I forgot to hit send on this earlier today, but speaking of David vs. Goliath, if you haven’t done it already, make sure to tarpit Alexandria, TheForest1, GitCitadel, and anything else you’re deploying that is expected to hold a lot of data. Otherwise, scrapers will come for the goods, overload the infrastructure and cost you quite a few sats.
Discussion
this stuff annoys the hell out of me too, i run my test #realy fairly infrequently but within minutes some bot is trying to scrape it for WoT relevant events, and i wish there was an effective thing to slow that down
i tried adding one kind of rate limiter but that didn't really work out so well, in the past what i've seen work best tends to be where the relay just stops aswering and dropping everything that comes in... probably if that included pings the other side would automatically drop
i've now added plain HTML and i think that requires something also but maybe more simple, like, if it gets a query more than once every 5 seconds for 5 such periods it steadily adds more and more delay in processing, the difference to sockets is to do it on http it has to associate with an IP address
I'm assuming your first-level WoT can auth and get around delays. Otherwise, uploading publications would collapse.
yeah, they are only reading, not writing, so all that would really be required is to slow them down
probably could split the direct followed vs follows of follows into two tiers also so that the second level of depth get less service quality
probably maybe should work on it today because this problem with scrapers is fairly annoying
it's only nostr WoT spiders at this point, i wish i could just suggest to the spider people to just open a subscription for these and catch all the new stuff live, that would be more efficient for them and less expensive for relay operators
at this point it's fairly early in the game for that stuff so maybe some education of WoT devs might help...
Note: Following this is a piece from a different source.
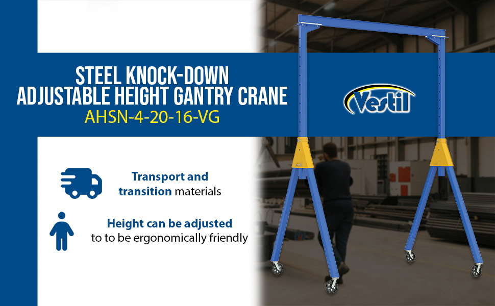 AHSN-2-20-16-VG AHSN-2-20-16-VGSteel Knock-Down Adjustable Height Gantry Crane with V-Groove Cast Iron Casters 20 Ft. Wide x 16 Ft. Max Usable Height 2,000 Lb. Capacity BlueUniform Capacity (lb.): 2,000

cc: nostr:npub176p7sup477k5738qhxx0hk2n0cty2k5je5uvalzvkvwmw4tltmeqw7vgup there is no point in doing sliding window spidering on events once you have the history, from then on just open a subscriptiion
this would be more friendly from the AI spiders if they had a way to just catch new updates, but unless dey pay me! i'm just gonna tarpit them
Yeah, I don't get the point of spidering data you can just stream. Like, they spider Nostr websites and it's like... just subscribe to the relay. *roll eyes*